Directions for the data below: repeat exactly the lines from the one with "寝ていると久し振りに「ねこに" through the one with "Grazie al meccanismo", both included, and omit all pictures.

┌─ EXCERPTED RECORDS

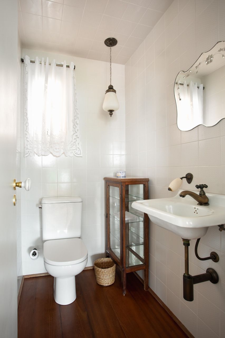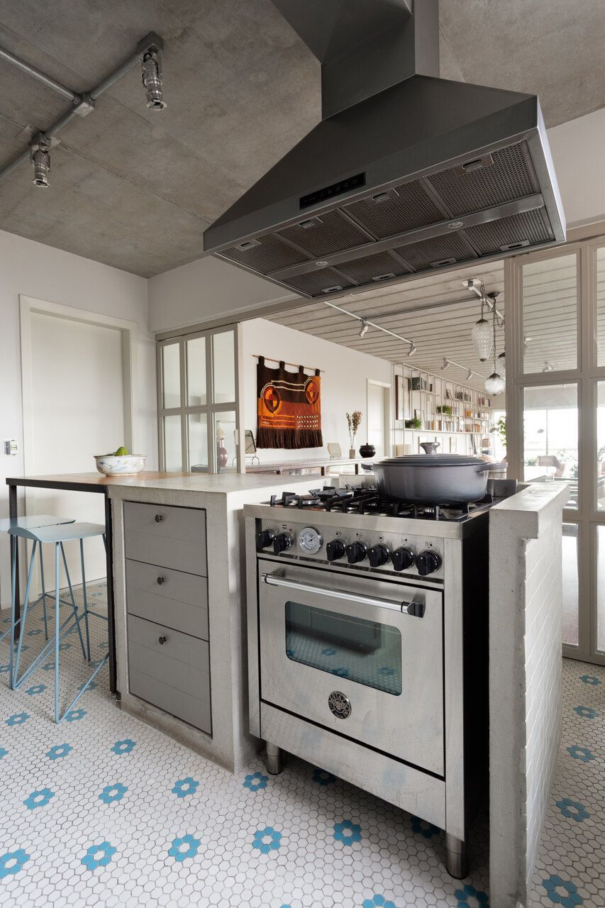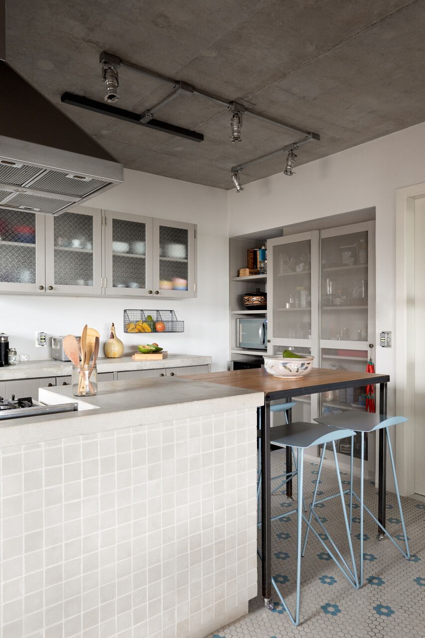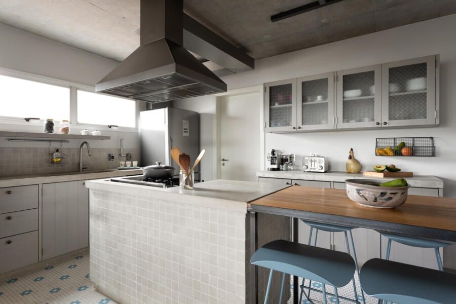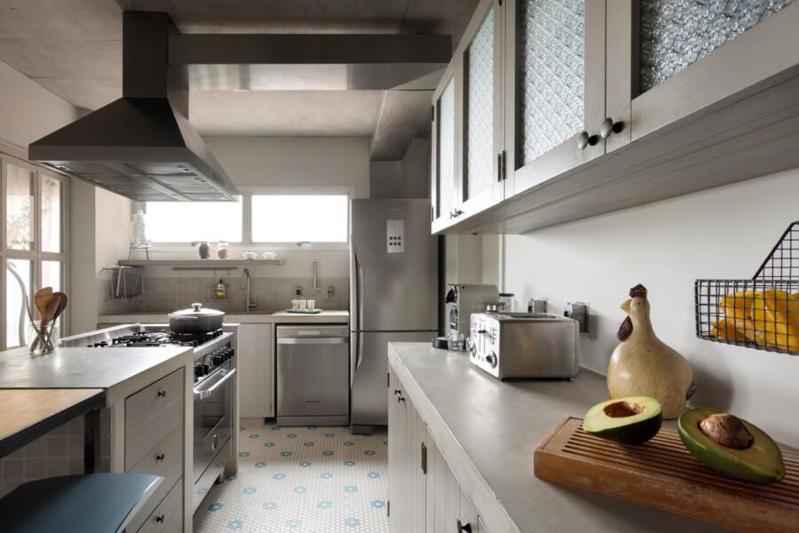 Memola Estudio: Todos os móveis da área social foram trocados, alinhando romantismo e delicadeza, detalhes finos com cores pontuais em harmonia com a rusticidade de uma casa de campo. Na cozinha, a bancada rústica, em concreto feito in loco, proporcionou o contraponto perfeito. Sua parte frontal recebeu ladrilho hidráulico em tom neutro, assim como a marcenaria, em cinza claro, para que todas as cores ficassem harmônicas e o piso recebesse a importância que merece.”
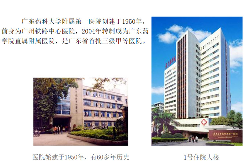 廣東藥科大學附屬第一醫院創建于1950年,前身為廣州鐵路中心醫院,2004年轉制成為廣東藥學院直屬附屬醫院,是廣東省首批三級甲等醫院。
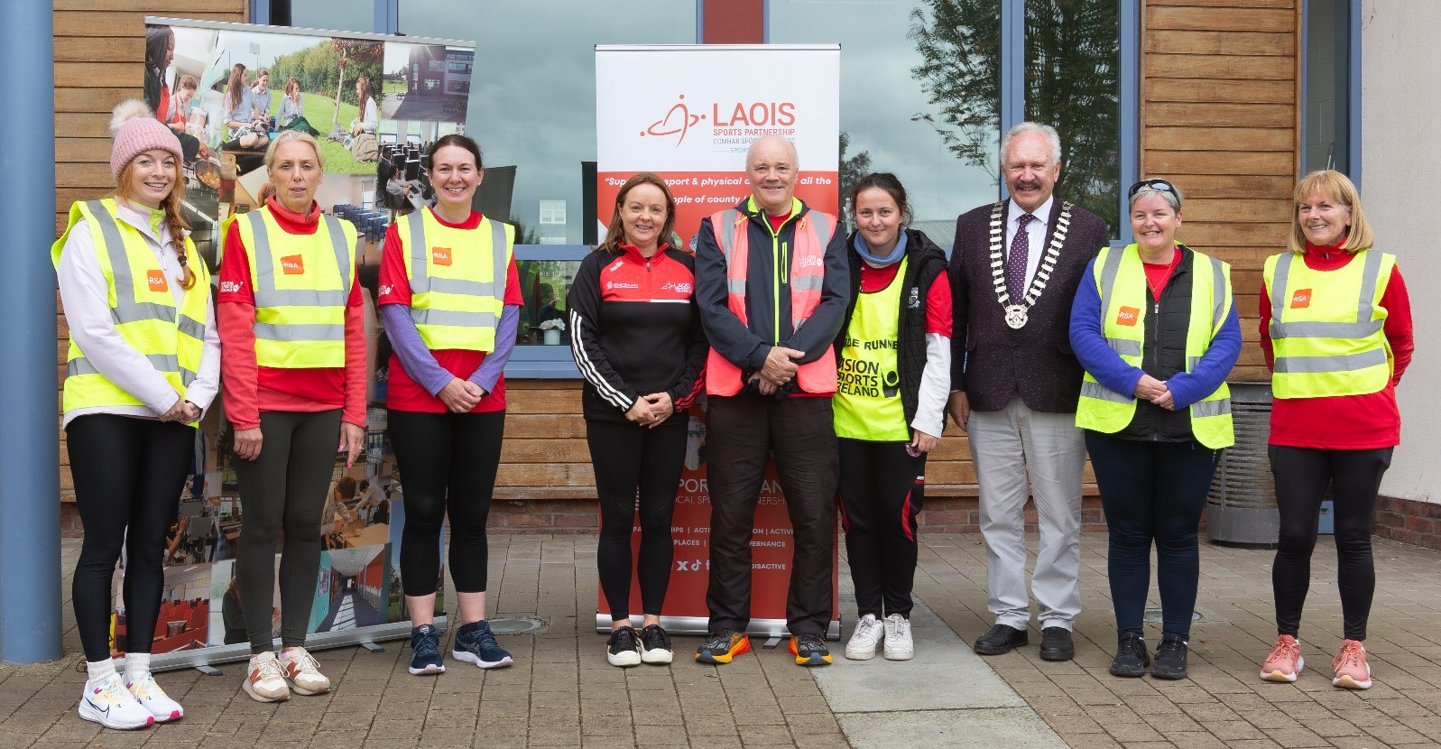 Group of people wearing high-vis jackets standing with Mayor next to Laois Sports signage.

└─
┌─ EXCERPTED RECORDS

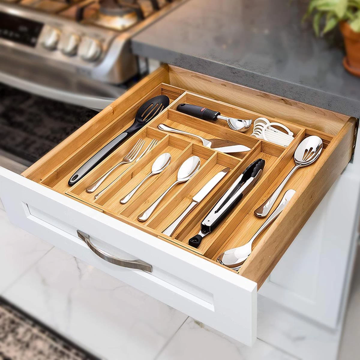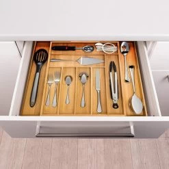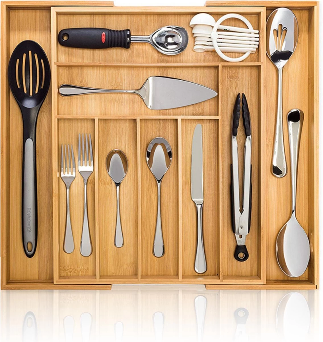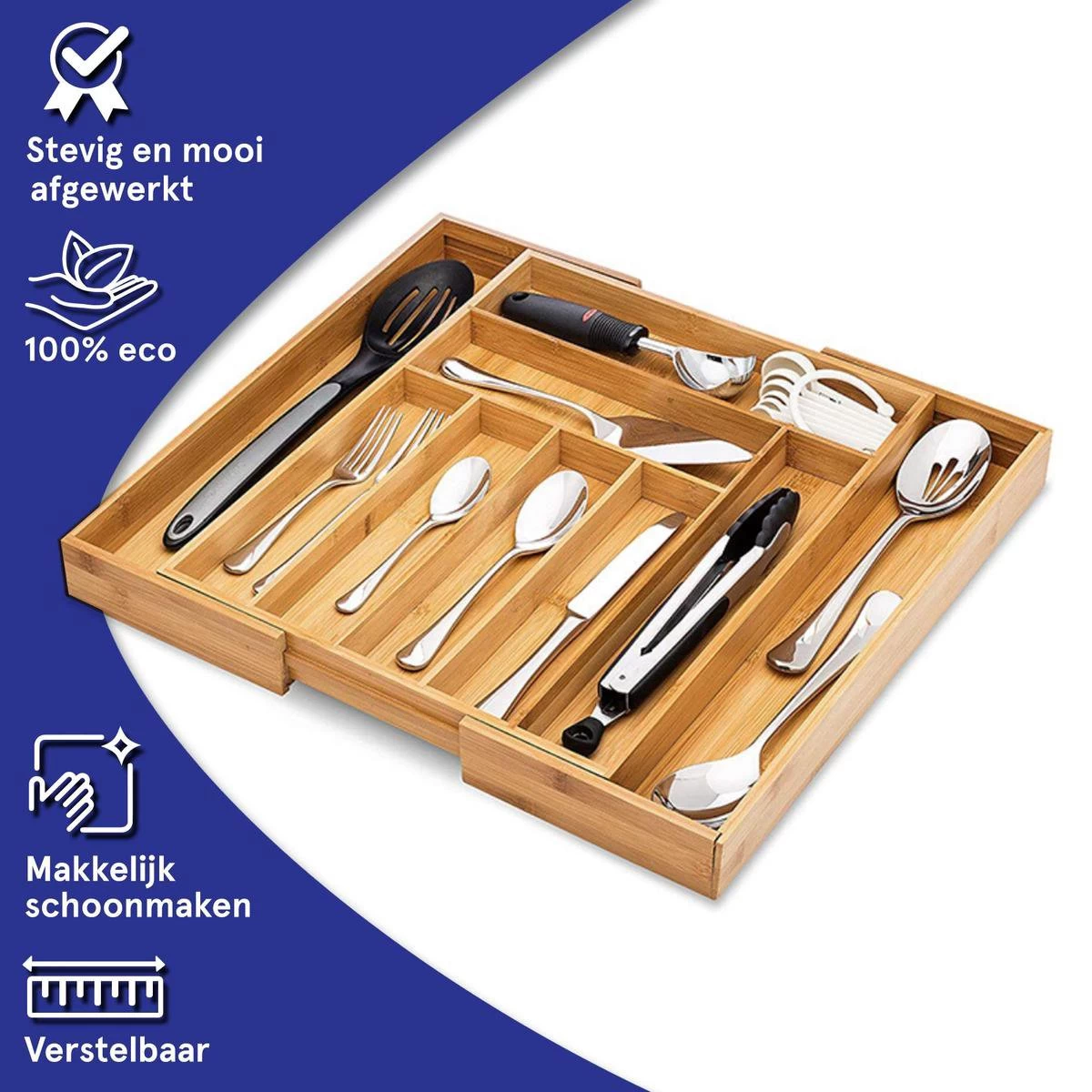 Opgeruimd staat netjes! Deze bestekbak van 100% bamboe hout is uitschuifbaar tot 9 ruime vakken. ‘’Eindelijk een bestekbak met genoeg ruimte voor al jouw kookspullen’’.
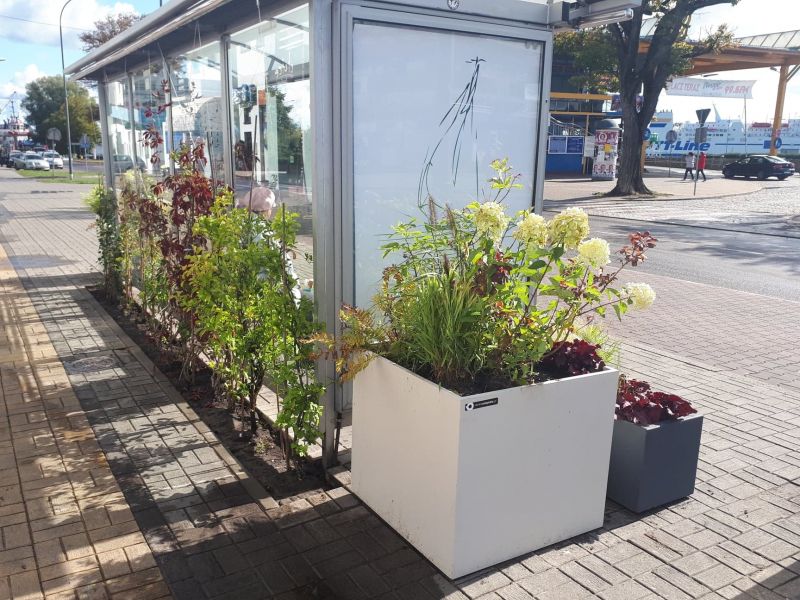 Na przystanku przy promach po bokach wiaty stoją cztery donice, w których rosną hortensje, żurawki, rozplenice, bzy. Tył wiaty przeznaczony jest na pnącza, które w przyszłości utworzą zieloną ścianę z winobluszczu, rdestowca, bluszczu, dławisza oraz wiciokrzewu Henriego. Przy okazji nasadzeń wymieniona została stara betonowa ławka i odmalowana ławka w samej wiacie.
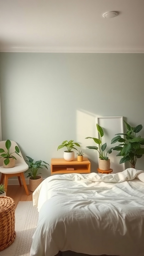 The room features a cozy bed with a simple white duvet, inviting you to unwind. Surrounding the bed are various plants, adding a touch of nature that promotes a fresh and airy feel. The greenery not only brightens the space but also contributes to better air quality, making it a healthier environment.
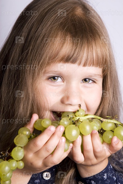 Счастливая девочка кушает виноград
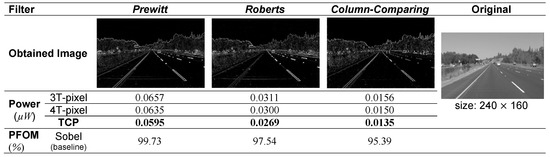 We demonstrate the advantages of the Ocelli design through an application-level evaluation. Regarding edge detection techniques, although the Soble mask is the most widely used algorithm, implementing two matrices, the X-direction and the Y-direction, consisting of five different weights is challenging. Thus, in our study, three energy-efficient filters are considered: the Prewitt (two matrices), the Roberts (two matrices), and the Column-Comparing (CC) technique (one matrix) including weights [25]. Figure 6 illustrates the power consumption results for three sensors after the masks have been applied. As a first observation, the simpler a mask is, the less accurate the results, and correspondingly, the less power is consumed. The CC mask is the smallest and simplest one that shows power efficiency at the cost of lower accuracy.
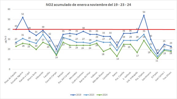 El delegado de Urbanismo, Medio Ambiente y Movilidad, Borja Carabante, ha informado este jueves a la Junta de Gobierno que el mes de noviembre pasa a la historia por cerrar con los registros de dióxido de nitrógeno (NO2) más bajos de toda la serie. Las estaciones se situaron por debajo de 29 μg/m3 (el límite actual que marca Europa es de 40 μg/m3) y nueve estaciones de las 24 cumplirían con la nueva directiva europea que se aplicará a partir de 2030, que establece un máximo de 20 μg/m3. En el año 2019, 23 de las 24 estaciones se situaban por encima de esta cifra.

└─
┌─ EXCERPTED RECORDS

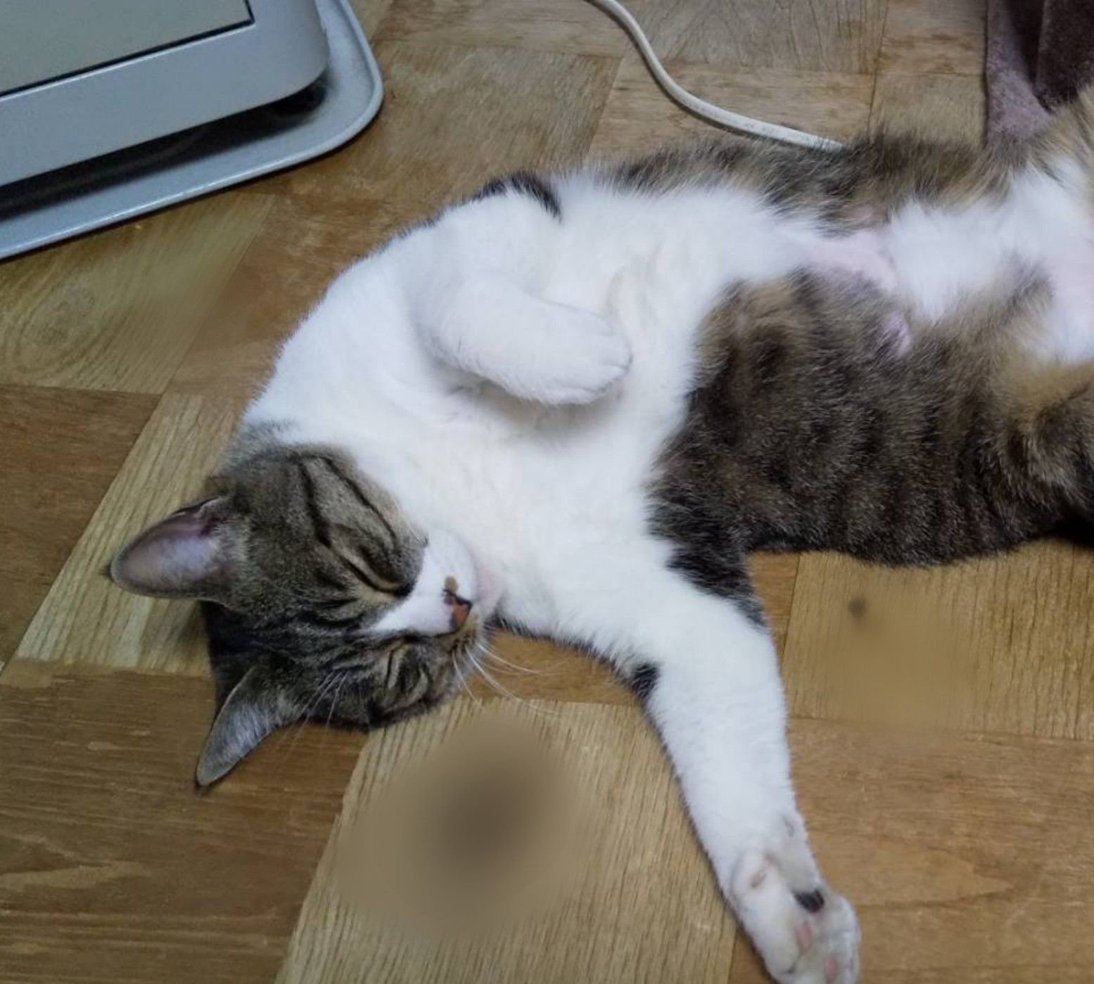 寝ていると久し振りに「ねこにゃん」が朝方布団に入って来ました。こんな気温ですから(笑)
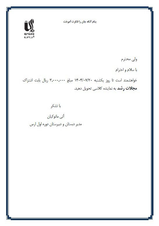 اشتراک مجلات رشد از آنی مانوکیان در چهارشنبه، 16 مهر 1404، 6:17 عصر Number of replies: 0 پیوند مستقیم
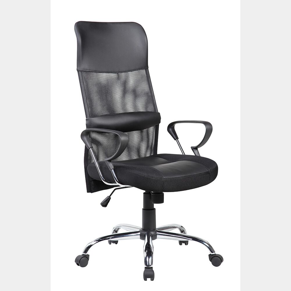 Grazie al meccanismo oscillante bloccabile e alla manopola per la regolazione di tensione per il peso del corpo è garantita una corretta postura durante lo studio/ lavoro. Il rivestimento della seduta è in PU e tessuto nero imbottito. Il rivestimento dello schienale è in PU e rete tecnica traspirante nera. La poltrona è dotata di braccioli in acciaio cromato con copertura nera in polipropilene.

└─

# RESULT
 寝ていると久し振りに「ねこにゃん」が朝方布団に入って来ました。こんな気温ですから(笑)
 اشتراک مجلات رشد از آنی مانوکیان در چهارشنبه، 16 مهر 1404، 6:17 عصر Number of replies: 0 پیوند مستقیم
 Grazie al meccanismo oscillante bloccabile e alla manopola per la regolazione di tensione per il peso del corpo è garantita una corretta postura durante lo studio/ lavoro. Il rivestimento della seduta è in PU e tessuto nero imbottito. Il rivestimento dello schienale è in PU e rete tecnica traspirante nera. La poltrona è dotata di braccioli in acciaio cromato con copertura nera in polipropilene.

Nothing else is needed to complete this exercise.